MoTe: Learning Motion-Text Diffusion Model for Multiple Generation Tasks
Yiming Wu, Wei Ji, Kecheng Zheng, Zicheng Wang, Dong Xu
TL;DR
MoTe tackles the challenge of unified motion-text generation by learning marginal, conditional, and joint distributions in a diffusion framework. It uses MED and TED to embed motions and text into latent spaces and MTDM to perform diffusion across those latents, with a configurable interaction module enabling text-to-motion, motion-to-text, or joint generation from a single model. The key contributions include an in-depth analysis of interaction modules, empirical evidence of a trade-off between text-to-motion and motion-to-text, and state-of-the-art results on text-to-motion on HumanML3D along with competitive motion-to-text performance. This framework provides a versatile baseline for multi-modal motion generation and paves the way for broader multi-modal diffusion systems.
Abstract
Recently, human motion analysis has experienced great improvement due to inspiring generative models such as the denoising diffusion model and large language model. While the existing approaches mainly focus on generating motions with textual descriptions and overlook the reciprocal task. In this paper, we present~\textbf{MoTe}, a unified multi-modal model that could handle diverse tasks by learning the marginal, conditional, and joint distributions of motion and text simultaneously. MoTe enables us to handle the paired text-motion generation, motion captioning, and text-driven motion generation by simply modifying the input context. Specifically, MoTe is composed of three components: Motion Encoder-Decoder (MED), Text Encoder-Decoder (TED), and Moti-on-Text Diffusion Model (MTDM).
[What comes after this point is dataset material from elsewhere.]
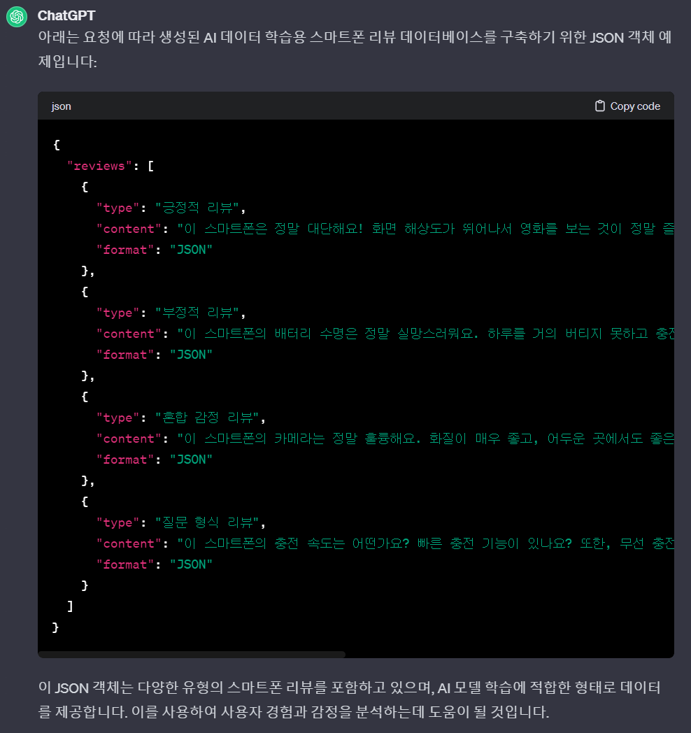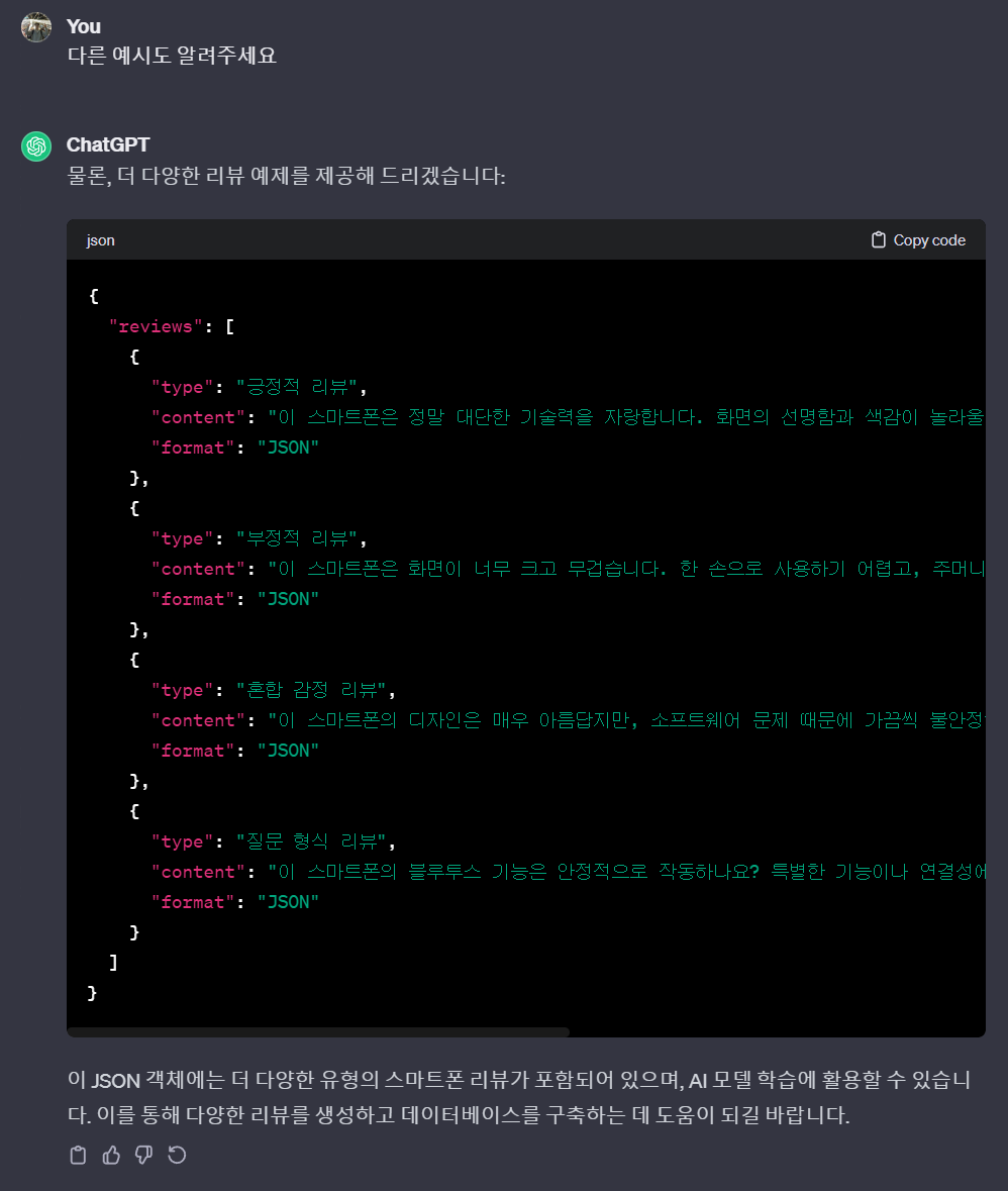 "AI 데이터 학습용 스마트폰 리뷰 데이터베이스를 구축하는 프로젝트의 리더로서, 다음과 같은 지시사항에 따라 다양한 유형의 리뷰를 생성하고, 각 리뷰를 하나의 JSON 객체 안에 포함시켜 반환해 주세요: json { "reviews": [ { "type": "긍정적 리뷰", "content": "이 스마트폰은 내 생활을 더 편리하게 만들어줍니다. 배터리 수명이 길어서 하루 종일 걱정 없이 사용할 수 있어요!", "format": "JSON" }, { "type": "부정적 리뷰", "content": "이 스마트폰의 터치스크린은 너무 민감해서 실수로 앱을 여는 일이 잦아요. 사용자 인터페이스도 직관적이지 않아서 불편합니다.", "format": "JSON" }, { "type": "혼합 감정 리뷰", "content": "이 스마트폰의 카메라 품질은 매우 인상적이지만, 가격이 너무 비싸요. 가성비를 중시하는 소비자에게는 추천하기 어렵습니다.", "format": "JSON" }, { "type": "질문 형식 리뷰", "content": "이 스마트폰의 보안 기능은 어떤가요? 안면 인식이나 지문 인식이 안정적으로 작동하나요?", "format": "JSON" } ] } 이렇게 구성된 JSON 객체는 AI 모델 학습에 적합한 형태로 데이터를 제공합니다. 이는 다양한 사용자 경험과 감정을 포괄적으로 분석하는 데 도움이 됩니다." 코드를 사용하지 않고 content를 다양하게 작성해 주세요

In particular, MED and TED are trained for extracting latent embeddings, and subsequently reconstructing the motion sequences and textual descriptions from the extracted embeddings, respectively. MTDM, on the other hand, performs an iterative denoising process on the input context to handle diverse tasks. Experimental results on the benchmark datasets demonstrate the superior performance of our proposed method on text-to-motion generation and competitive performance on motion captioning.